Posing as Steve Foley
was nerve-wracking, O’Donnell recalls, not just because he had to avoid
tipping off the mobsters. He was always worried that he would run into
someone who would recognize him as a cop and inadvertently blow his
cover.
“That happened a lot,
where I’d see people that I clearly recognized, that they know I’m a
state trooper,” he said. “….Rhode Island’s not a big place.”'
He
also feared what might happen to his wife, Holly, and their three young
sons -- Conor, Cody and Brady – if he was exposed.
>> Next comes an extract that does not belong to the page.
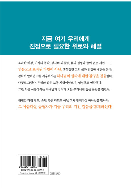 이 책은 우리에게 너무나 유명한 다윗 왕의 위대한 업적이나 소년 영웅의 모험담을 이야기하고자 하는 것이 아니다. 우리와 다를 바 없었던, 그저 평범하고 연약한 보통 사람 다윗을 만날 수 있다. 그는 변변한 배경이나 환경을 갖지 못했으며, 사랑받지 못하는 어린 시절을 보냈고, 지독한 상사를 만나 고생했으며, 추악한 죄를 지었다. 또 자식들의 문제를 겪었으며 육체의 질병에 괴로워하기도 했다. 다윗의 전 생애를 따라 쓰인 이 책은 당시 다윗이 처해진 상황과 그의 심리를 세밀하게 살펴볼 수 있다. 그렇게 이 책에서 이야기하는 다윗의 삶을 따라가다 보면, 어느 순간 다윗은 보이지 않는다. 보통 사람 다윗은 없어지고, 그를 들어 쓰신 위대한 하나님을 만나게 될 것이다. 다윗이 위대한 것이 아니라 다윗이 붙잡았던 그 하나님이 위대하셨음을, 그래서 그의 인생이 위대하게 쓰임 받았음을 깨달을 수 있을 것이다. 그의 삶은 지치고 아픈 우리를 공감과 소망으로 위로하며, 궁극적으로 그와 함께하셨던 아름다운 동행자 하나님을 다시 바라보게 한다.
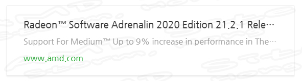 AMD Radeon Adrenalin 21.2.1 드라이버는 공식 홈페이지에서 출시되었습니다. 이는 2월 1일 업데이트가 진행되었습니다. AMD에서 이번에 The MEDIUM 게임 관련 업데이트 위주로 진행되었으며, AMD Radeon RX 6800 XT GPU에서 4K 의 성능을 향상 및 최대 9%가 향상되었다고 합니다.

He says he didn’t
tell his wife too much about what he was doing, but she had some idea of
what he was doing and supported him.
“I mean, obviously she
knows how I look, she sees me comin' and goin' in different cars and I
talk to her about it as best I can,” he said. “(But) she doesn't live in
the world that I live in, and I don't want her to. “
Despite
such hazards, O’Donnell continued to build a massive dossier of
evidence against the crooks, until authorities finally began to reel
them in, starting in 1990.
By the time he cut his
hair and returned to uniform in 1996, O’Donnell’s testimony had been
instrumental in putting hundreds of suspected mobsters behind bars and
led to the seizure of vehicles, drugs and hundreds of thousands of
dollars.
The busts, which gutted
the Patriarca family, earned O’Donnell honors and accolades that
extended to the White House, where he met former President Bill Clinton
and regaled him with stories of his days playing lacrosse in college.
His moxie even earned the respect of some of the mob men he took down.
In
a rare interview from his lawyer's Rhode Island office, where he is
serving probation, Gerry Tillinghast told NBC News that he bears no ill
will toward his old adversary.
“Lemme
say this,” he said, “my personal opinion is law enforcement, their job
is to take people that commit crimes -- no matter what level -- off the
street. That's their job. A criminal, no matter what level, his job is
then not to let that happen.”
As for O’Donnell’s ruse
that sent he and his brother to jail, Tillinghast said, “He did it
pretty good. I gotta give it to him, even though I hate to say it.”
O’Donnell says there
are no hard feelings on his part, either. O’Donnell said law enforcement
“respect(s) them in the sense that when they get arrested, it's not
personal. It's part of the system that we're in. I think it's important
it happens that way.”
There are
few signs of O’Donnell’s long undercover assignment visible in the
wood-paneled office reserved for the colonel and superintendent of the
Rhode Island State Police, where he oversees more than 600 state
troopers and civilian employees.
The
fake IDs and wiretap cassettes have long-since been filed away. His
low-slung L-shaped desk is neatly stacked with paperwork. There are
pictures of his kids playing lacrosse on a team he coached to a state
championship. There are no photos of the colonel during his days as a
long-haired, swearing, bookmaking, undercover detective in the mob.
For
those who know his story, there are a few mementos that hold clues to
his former occupation: There are pictures of him with President Clinton.
And there’s a photo of O’Donnell posing with legendary FBI undercover
detective Joe Pistone, aka “Donnie Brasco,” who infiltrated the Bonanno
and Colombo Mafia families in the late ‘70s and early ‘80s.
The most obvious reference may be the fake white street sign near the left corner of the room. It reads “Mafia Parking Only.”